The officials say the woman was taken into custody by U.S. Customs and Border Protection (CBP) officers and is expected to face federal charges. The officials were not authorized to discuss the ongoing investigation publicly and spoke on condition of anonymity.

Aaron Bowker of the CBP confirmed with CBC News that the arrest took place at the Peace Bridge in Buffalo, N.Y., and that the individual was travelling from Canada into the United States.

The letter had been intercepted earlier this week before it reached the White House.

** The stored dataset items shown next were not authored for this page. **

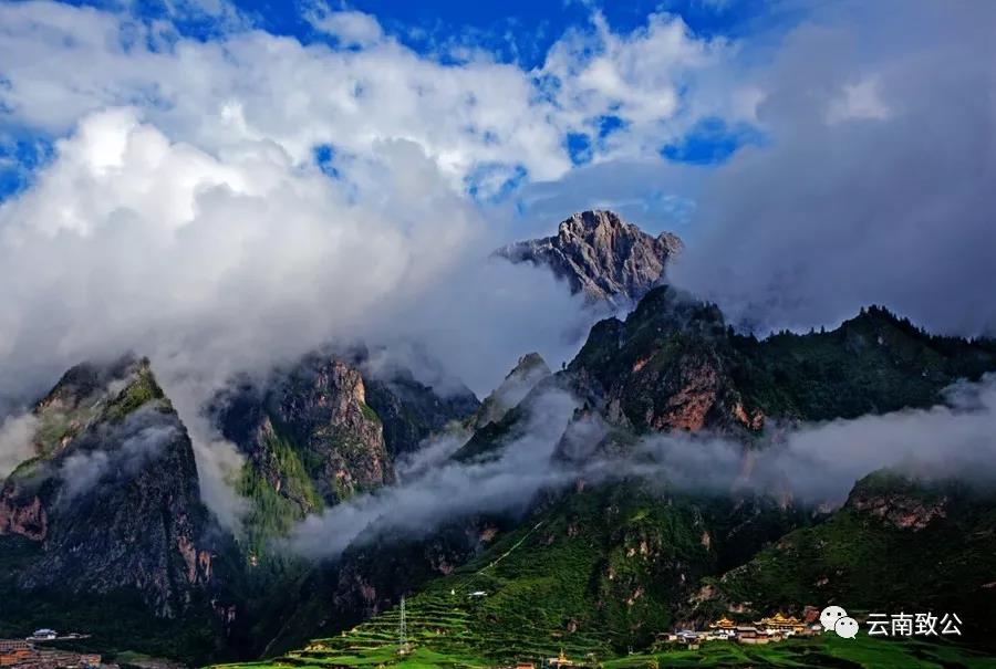 作品说明:2019年6月23日摄于甘肃甘南藏族自治州迭部县热尕那村,这里四周秀峰环绕,被誉为甘肃的“香格里拉”,去时一路上阴云密布,但到达后突然云开雾散,阳光灿烂,急忙举相机连续拍,半小时后,阳光又被阴云遮住了。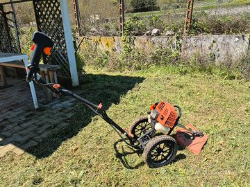 vendo per inutilizzo decespugliatore con ruote ,come da foto ,funzionante , usato poche ore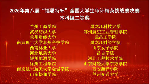 由中国审计学会审计教育分会主办、南京审计大学国家审计学院承办的2025年第八届“福思特杯”全国大学生审计精英挑战赛于近日圆满落幕。本届大赛吸引了全国233所本科院校的精英学子同台竞技,竞争异常激烈。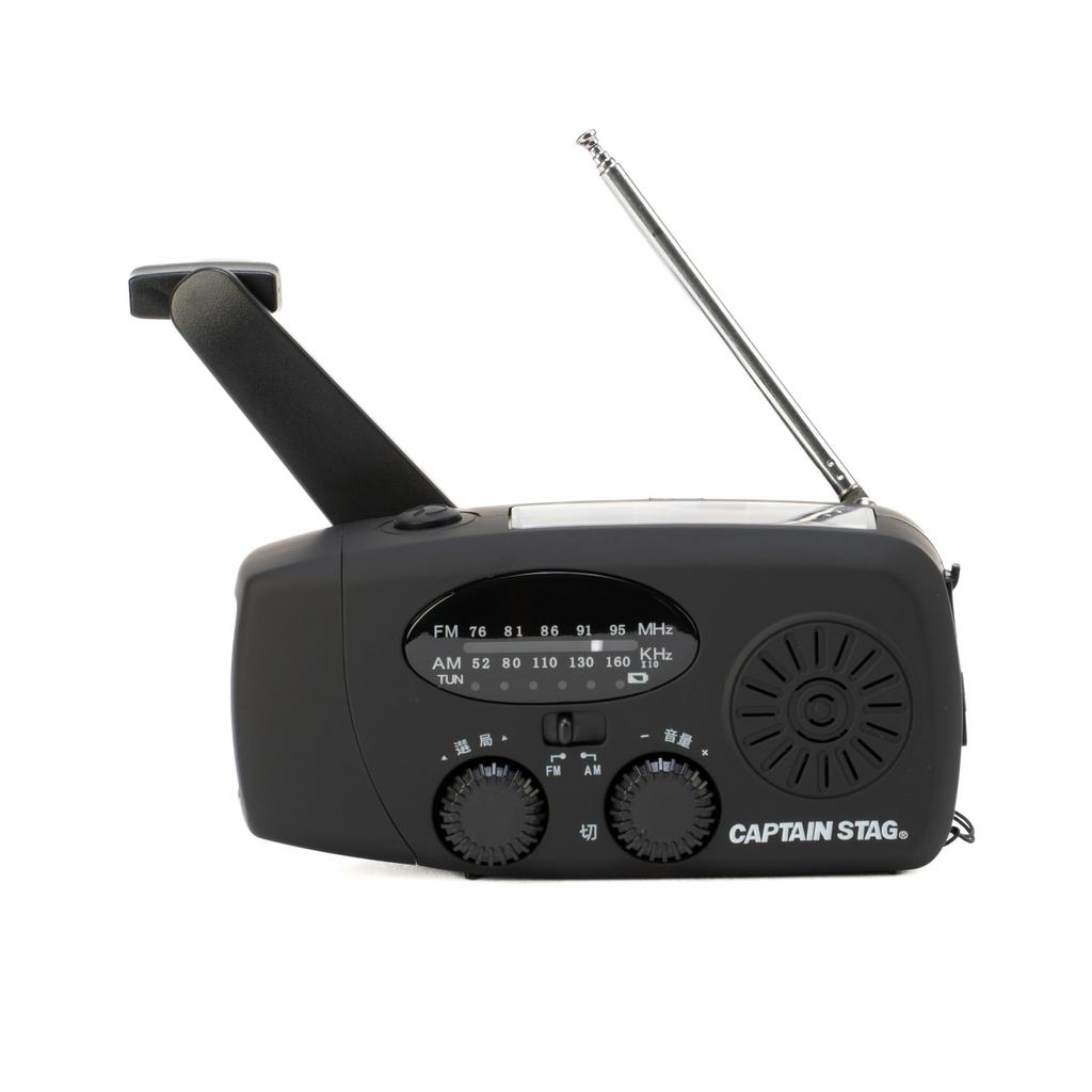 Features: LED light, mobile battery function, FM/AM radio, hand-crank dynamo, solar panel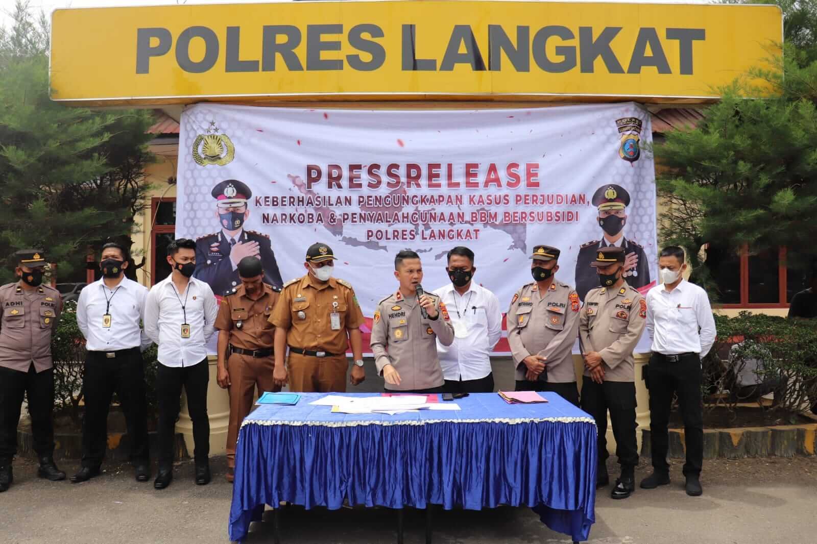 Kapolres Langkat telah dilaksanakan giat Press Release Pengungkapan Kasus Perjudian, Narkoba dan Penyalahgunaan BBM Bersubsisi bertempat di depan Lapangan Jananuraga Polres Langkat. Senin tanggal 05 September 2022 sekira pukul 10.30 wib
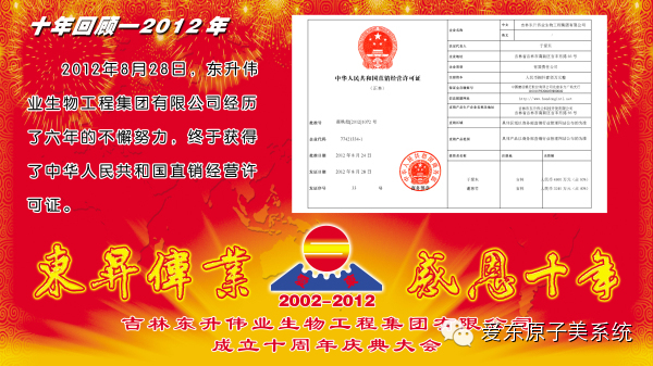 忆往昔,峥嵘岁月,十年的心酸、艰难、曲折,十年的坚持、奋斗、打拼!在行业跌宕起伏、风云变幻的十个春夏秋冬中,经过苦水、汗水、泪水的浸染,历经风雨磨砺,我们始终坚持,永不放弃!三次申牌,六载努力,东升伟业终于2012年8月28日获得国家商务部颁发的直销经营牌照!

An RCMP spokesperson told CBC News on Saturday that it was assisting the FBI in the investigation and that “initial information from the investigation suggests that the letter originated in Canada.”

An official from the Western District of New York told CBC News on Monday they “don’t have a time yet for a court appearance.”

There have been several prior instances in which U.S. officials have been targeted with ricin, which can be derived from castor oil plants.

A navy veteran was arrested in 2018 and confessed to sending envelopes containing the substance from which ricin is derived to Trump, CIA Director Gina Haspel, FBI Director Christopher Wray and James Mattis, then the secretary of defence. At least two of the letters made it to a Pentagon mail sorting facility.

The Utah man has yet to be tried in the case and could face life in prison if found guilty.

In 2014, a Mississippi man was sentenced to 25 years in prison after sending letters dusted with ricin to then-president Barack Obama and other officials.

The previous year, a woman was accused of mailing ricin-laced letters to Obama and Michael Bloomberg, then the mayor of New York City. The woman, who tried to frame her husband for the scheme, was sentenced to 18 years in prison after reaching a plea deal.